SFMTA management is “continuing to calculate the final estimated cost savings that will result from this new agreement,” said Goodyear. The agreement still needs to be approved by TWU members as well as the SFMTA Board of Directors. If the TWU ratifies the agreement, Goodyear said the terms will be available for public review for 14 days.

  • Anon

    21 million over three years? wtf MUNI? 2nd highest paid in the nation with no cuts for years and that’s the best that MTA can negotiate? 3k in savings per operator per year and no pay cut? Fire Nat Ford.

  • Anon

    and i’d correct that their salary floor was the average of the three highest.  as a result, they may be the highest paid by far, depends on how it was implemented…which judging by this negotiation probably wasnt implmented well. 

  • NOTE: while many have issues with Muni drivers and their contracts their pay has not been a key issue affecting Muni performance. Instead, it is issues like the work rules causing there to not be enough drivers. Extra drivers are needed, but only during rush hours. But because of the current rules Muni has to pay lots of overtime to fill in the gaps and hire drivers who don’t actually drive during the middle of the day. Being able to hire more part-time drivers will go far to address one of the biggest problems facing Muni, much more than trying to reduce their salary by a few percent.

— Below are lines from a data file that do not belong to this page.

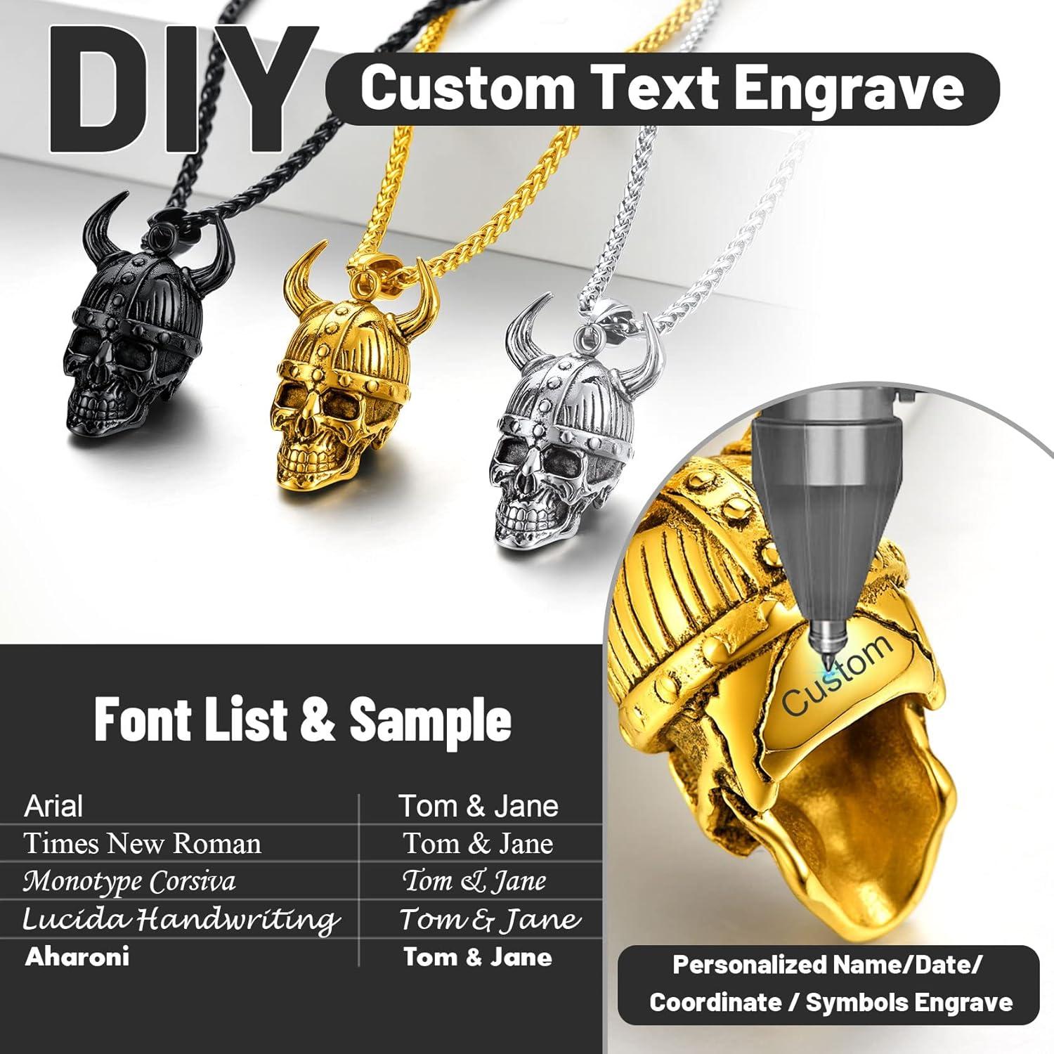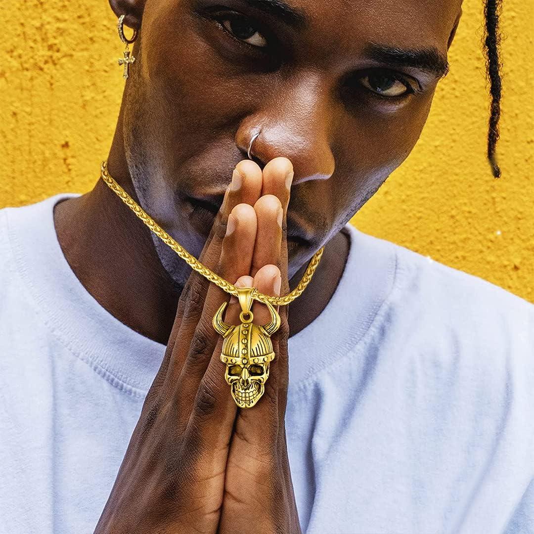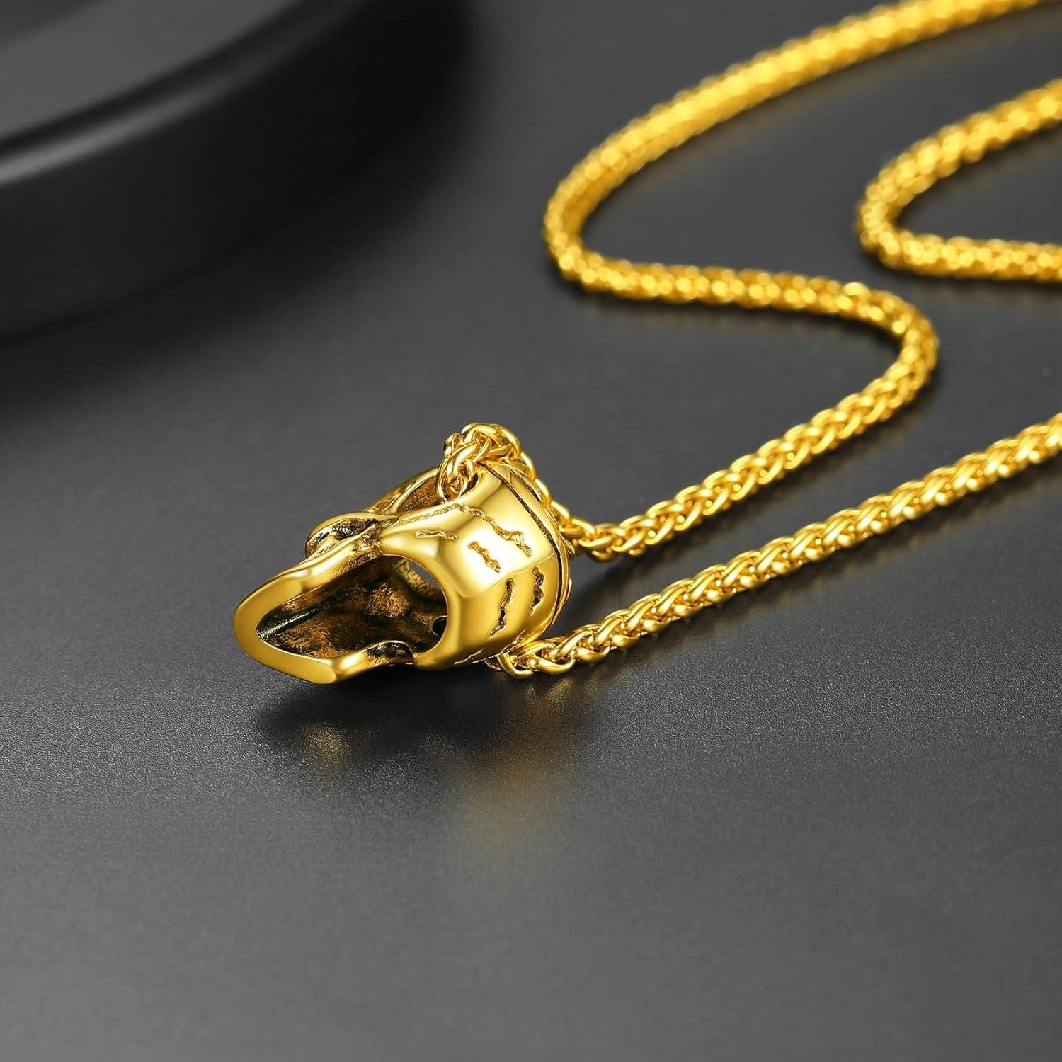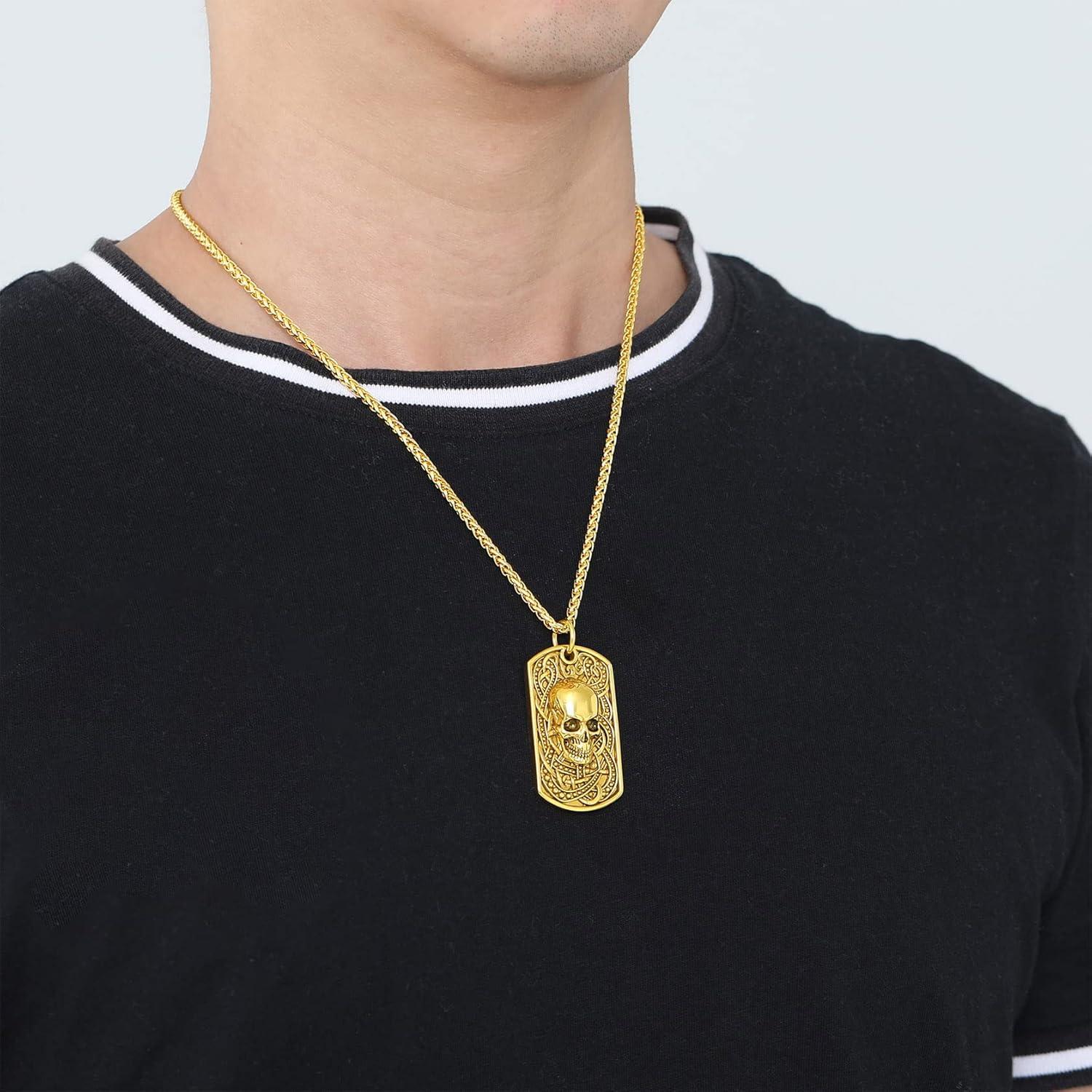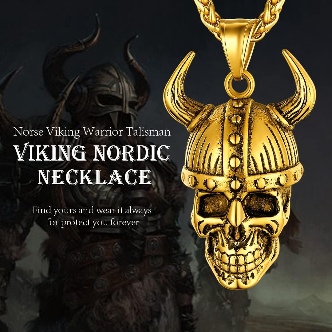 ChainsHouse Skull Necklace for Men, Retro Gothic Punk Jewelry Biker Necklace for Men Women Free Engraving Stainless Steel Dog Tag Pendant Necklace,with Gift Box(06. Odin Helmet-Gold)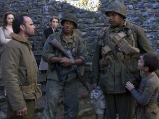 アメリカ陸軍の黒人中隊が、前線を進軍している。 ドイツ軍と近いので、兵士たちは緊張している。 川に近づいて渡渉を始める。 そこで敵の攻撃にあい、無線で後方の友軍に爆撃を求める。 しかし、黒人差別に凝り固まった司令官は、黒人部隊が進軍するはずがないと考え、わざと攻撃目標を違えて黒人たち味方を爆撃する。 戦線が分断されて、4人だけが川の向こうに取り残され、他はすべて戦死してしまう。 黒人兵たちは川の向こうで、はぐれた少年とであう。 4人の兵隊ビショップ(マイケル・イーリー)、トレイン(オマー・ベンソン・ミラー)、スタンプ(デレク・ルーク)、ヘクター(ラズ・アロンソ)と、アンジェロ少年(マッテオ・シャボルディ)は、トスカーナ地方の小さな村へとすすむ。 この村にはファシスト支持者もいたが、パルチザンの拠点でもあり、反ドイツ感情が強かった。 戦線を越えてしまったので、黒人兵たちは本隊に戻れず、村での生活が始まる。 ここには黒人差別意識がなく、村人たちはアメリカの黒人兵に親近感をもち、じょじょに心が通いはじめた。 少しおつむの弱いトレインだが、アンジェロ少年から慕われ、少年は彼の手からしか薬をのまない。 トレインはイタリアの彫像の首を、肌身離さずに持っており、それが幸運を呼んでいた。 4人のなかでスタンプとビショップが、美しい女性レナタ(ヴァレンティナ・セルヴィ)に心を寄せる。 すると、ドイツ人捕虜を確保せよと命令を受ける。 パルチザンたちがドイツ人を捕まえてくる。本隊から捕虜の引き取りにくる。 しかし、ドイツ軍は近くに迫り、パルチザンの中から裏切り者がでて、村が攻撃される。 優勢のドイツ軍に、村は陥落するが、すぐにアメリカ軍が奪還する。 そのため、かろうじてヘクターだけが生き残る。 そして、帰国した彼は郵便局員となって、冒頭へと続いていく。 殺されたのは、黒人たちを見殺しにした司令官だったのだ。 もちろん殺したので、裁判にかかるが、成長したアンジェロ少年が彼を助ける。 どこまでが事実で、どこまでがフィクションか、ちょっと判断がつきにくい。 トスカーナ地方で黒人部隊が、闘ったことは事実だろうし、40年後に殺人事件があったことも事実だろう。 しかし、イタリアの彫像の首を、持ち帰ったのは事実だろうか。 この映画が描くのは、人種差別である。 1944年の米国では、まだ公民権運動もなく、黒人たちは厳しい差別にあっていた。 黒人はアメリカ人ではないかのごとくに扱われていた。 にもかかわらず、黒人たちも戦場に出た。 そして、黒人差別にあって、味方に殺されてしまう。 ところが、イタリア人たちは黒人差別を知らなかった。 村人は4人を受け入れたし、ビショップはレナタと結ばれさえする。 彼等はアメリカのために闘っていながら、祖国は自分たちを差部して、人間扱いしない。 そうした祖国だが、彼等は国のために命を落とす。 何ともやるせない話である。不条理ともいうべき人間を、少年を助けたドイツ兵や、裏切ったパルチザンなどで描く。 原題は「Miracle at St. Anna」 2008年アメリカ、イタリア映画 |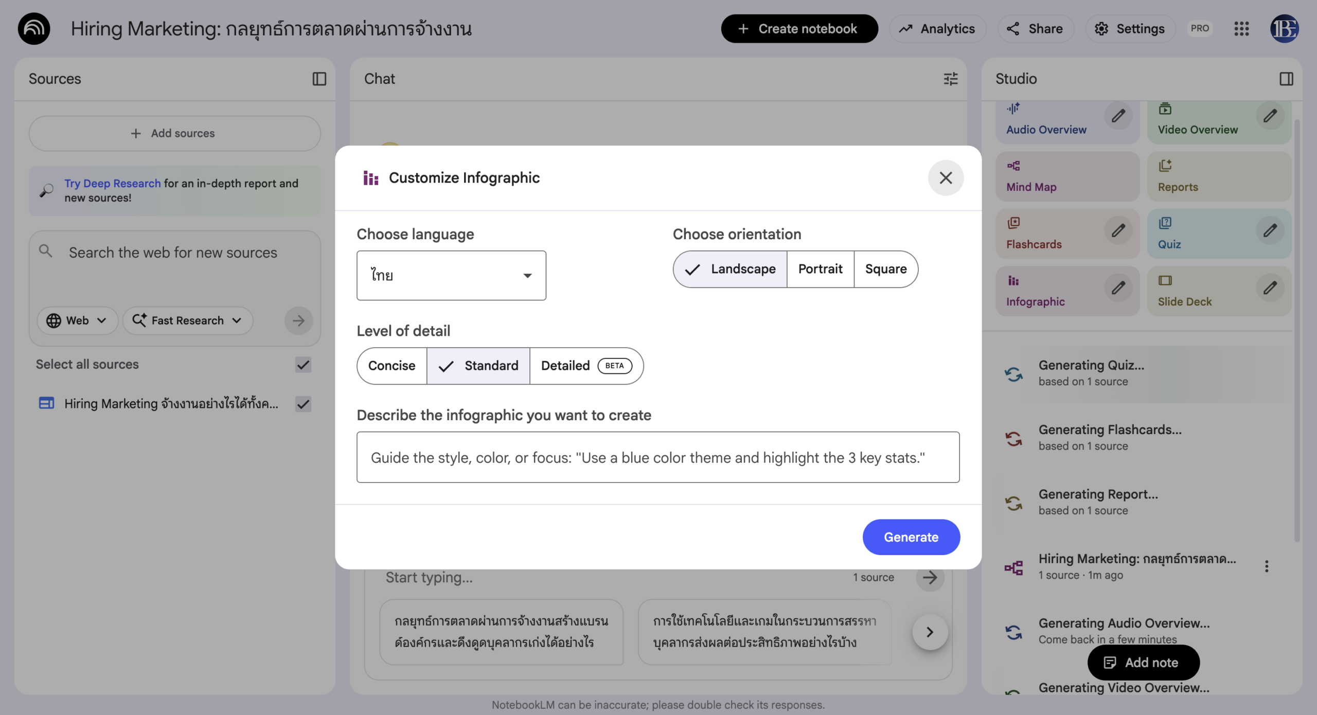 NotebookLM ช่วยทำ Infographic แบบเร็วมาก เลือกภาษา เลือกระดับความละเอียด และใส่คำอธิบายว่าอยากให้เน้นอะไร เช่น โทนสีฟ้า เน้นตัวเลขสำคัญสามจุด ใน Infographic สิ่งที่ควรสังเกตคือ Level of detail กับ Orientation ครับ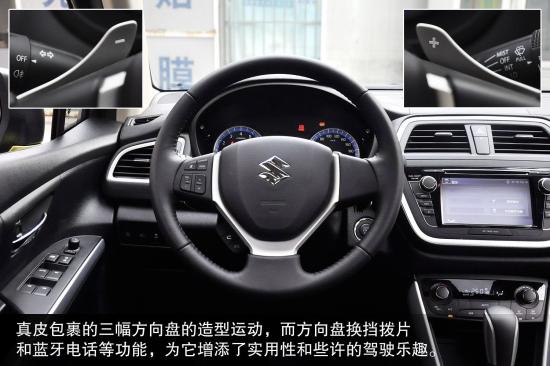內(nèi)飾部分的設(shè)計(jì)比較簡單,功能性沒有問題。全黑內(nèi)飾搭配銀色裝飾條是鈴木的標(biāo)準(zhǔn)配置,突出運(yùn)動(dòng)基因。三幅方向盤集成有多功能鍵和換擋撥片,在同屆別SUV車型中并不常見。在配置方面,鋒馭全系標(biāo)配一鍵啟動(dòng)和車身穩(wěn)定控制系統(tǒng),顯得非常厚道,在精英版上還能找到導(dǎo)航、倒車影像、自動(dòng)空調(diào)等豪華配置,特別是全景天窗,非常有吸引力。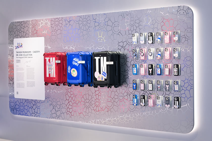 快閃空間特別設(shè)置 CASETiFY x 村上隆聯(lián)名系列展示墻,超限量發(fā)售 MR.DOB 主題聯(lián)名彈韌防摔21寸登機(jī)旅行箱,一起步入村上隆的奇妙世界。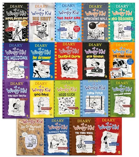 Diary of a Wimpy Kid Series 19 Books Collection Set by Jeff Kinney (No Brainer, Diper OEverloede, Big Shot, The Deep End, Wrecking Ball, The Meltdown, The Getaway, Do it Your Self & MORE!)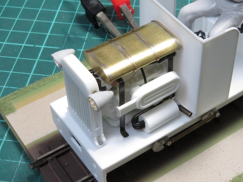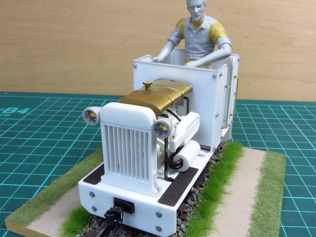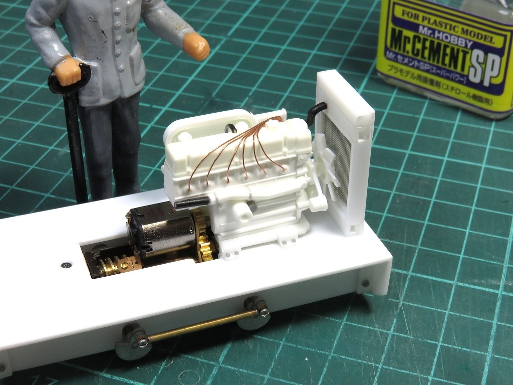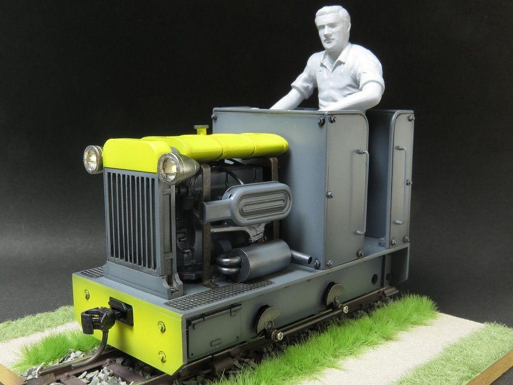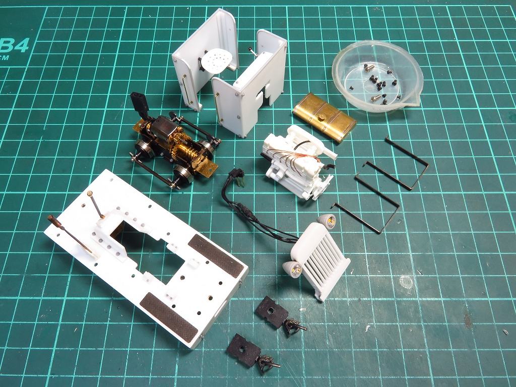 Gn15ガスロコ Category:Gn15ガスロコ(1/24 16.5mm) Date:2017年10月09日 今回はとうとうGスケールに手を出してしまいました。縮尺はプラモ流用を考えて、1/24スケールで行くことにしましたヨ。 今年の軽便祭では、「蒸機以外のロッド駆動式の機関車」というのがクリッターズ・クラブのテーマ。しかしウチには該当する機関車はありません。とりあえずスクラッチすることにしたのですが、せっかくならば新しいことをしましょ!ということでGn15※のガスロコを作ってみることにしました。※ちなみにGn15ってなんじゃい!という方は、こちら(https://en.wikipedia.org/wiki/Gn15)とか、こちら(http://forum.gn15.info/)をご覧あれ。 Gn15ということで1/24のエンジンが入ったのフジミのプラモデルを買ってきました。どうやら日産フェアレディ240ZとハコスカGT-Rのエンジンのようです。と言うか、該当プラモのエンジン関連のランナー部分だけ切りとってキットにしているようです。そういう売り方もあるのか。まぁ私にはちょうど良いワケですが。 で、240ZのL24エンジンを切った貼ったで搭載しました。まぁいいんじゃない?ラジエータ部分はプラ板から。 エンジン上部は燃料タンクを配置。真鍮パイプを万力で挟んで扁平にし、帯板をハンダ付けしてガソリンタンクとしました。特徴的なエアクリーナーはデカいなぁ。左右の砲弾型ヘッドライトはその名の通り、飛行機プラモから拝借した対地爆弾の弾頭部分から。電球色のチップLEDを埋め込みました。 運転席は、計器盤・レバー類・トランスミッションカバー・椅子などごちゃごちゃ配置してみました。 計器盤の中にLEDとパワーユニットをつなぐコード・コネクタ類が隠れるようにします。こういうところは現物合わせですなぁ。と言うか、全部現物合わせだけど。 パワーユニットはアルモデルの「アルパワーHO-24.5A」平ギア2段減速で程よい走行性能の製品です。電気配線は分離を考えてコネクタを設置。 部品構成はこんな感じ。ほとんど1mmプラ板での工作ですが、ネジで分解できるように接合部分にはM1.4でタップを立てた真鍮の小片を埋め込んでいます。塗装前の状態。 六角リベットはWAVEのモノを貼りつけています。手作り感あふれるホームビルドな機関車ですな。 塗装は、グレーベースにイエローを追加。とあるフォードソンのトラクターの塗り分けを参考にしています。決して、作業中にBGVとして流していたマクロスFのVF-25Sオズマ・リー機を参考にしたワケではありません。 計器盤にはヒコーキプラモからのメーターのシールを拝借。 裏側はこんな感じ。パワーユニットの固定は車体側の7mm真鍮角パイプにステーを介して固定。こういうステーまでパワーユニットのおまけパーツとして入っているあたり、アルモデルさんの自作派モデラーに対する心遣いがウレシイ。 運転手はフジミの1/24のメカニックフィギュアから。塗装していないのは時間が無かったからで、決して、フィギュアの塗装が苦手なのであきらめたワケではない、ハズ。~メイキング&走行テスト~これまで1/87、1/64、1/48とだんだん作る機関車の縮尺が大きくなってきたけど、やっぱ1/24はデカいですよ。ではまた。 PR http://akinoritb.tou3.com/Entry/138/Gn15ガスロコ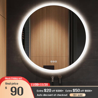 S'BAGNO 24 Inch Round LED Bathroom Mirror with Lights, Backlit and Front Lighted, Anti-Fog Vanity Mirror Wall Mounted
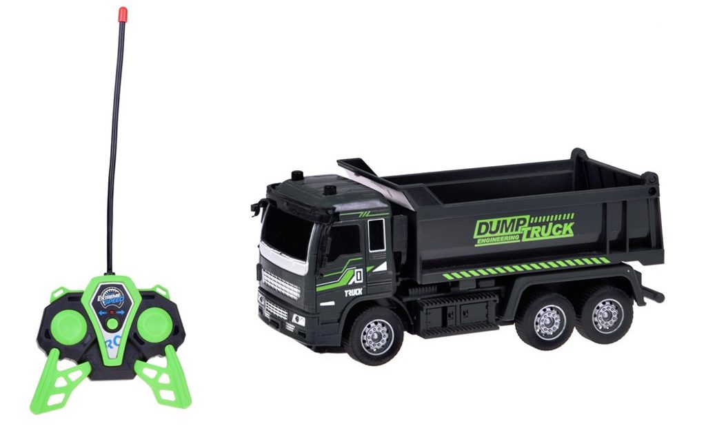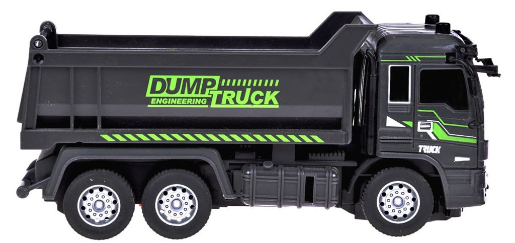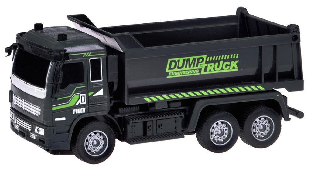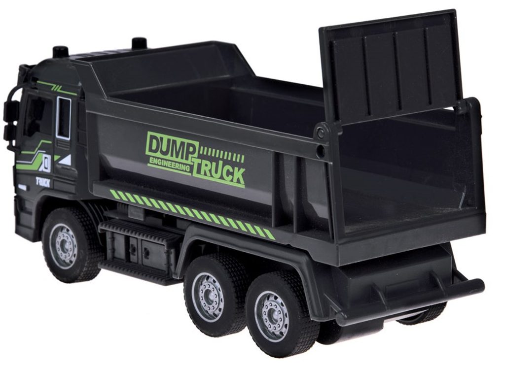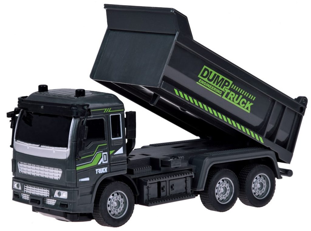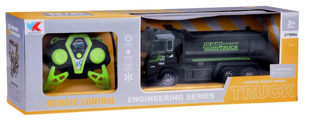 Auto s dálkovým ovládáním 27MGz v provedení nákladního auta Dump Truck umožnuje jízdu dopředu a dozadu, zatáčí doprava a doleva. Je vybaveno světelnými efekty. Součástí balení je dálkový ovladač se 2 páčkami pro změnu směru jízdy a jízdu vpřed a vzad. Ovladač i autíčko jsou napájeny bateriemi, které nejsou součástí balení. Autíčko je vyrobeno z plastu a má certifikaci CE.

    And to clarify things, prop G from a couple of years ago removed the salary floor. This means that there is no longer the obligation to pay Muni drivers amongst the top salaries in the nation.

  • Anonymous

    It was never realistic to expect that all of Muni’s current deficit could be fixed by negotiations with one bargaining unit in an agency with several. That was never the point of Prop. G. G is a long term solution that will update work rules more appropriate to the 21st century and eliminate wasteful practices that were costing the agency money. Every other union at Muni has agreed to far bigger pay cuts.

    The effect of G will take years, and no one who knew anything thought any different. There is no magic wand to fix Muni, and anyone who thinks simplistic bullshit will work is just as delusional as anyone at City Hall who thinks there’s “free money” out there to spend as we like.

  • GoGregorio

    Based on what Michael Smith just said (and what I understand to be true), this new contract should be more effective at improving service, rather than reducing costs.  Is that an accurate assumption?

  • 2 bits say they vote it down…

  • Daniel Krause

    Any provision to deal with the excessive absenteesism? That is a huge reason why there are not enough drivers. Will drivers at least have to notifying management when they are taking a sick day?

  • Anonymous

    Well, the redefinition of overtime might at least reduce the incentive for absenteeism (since being absent won’t mean overtime later).

    Reading this makes me cautiously optimistic.

  • Anonymous

    Well, the redefinition of overtime might at least reduce the incentive for absenteeism (since being absent won’t mean overtime later).

    Reading this makes me cautiously optimistic.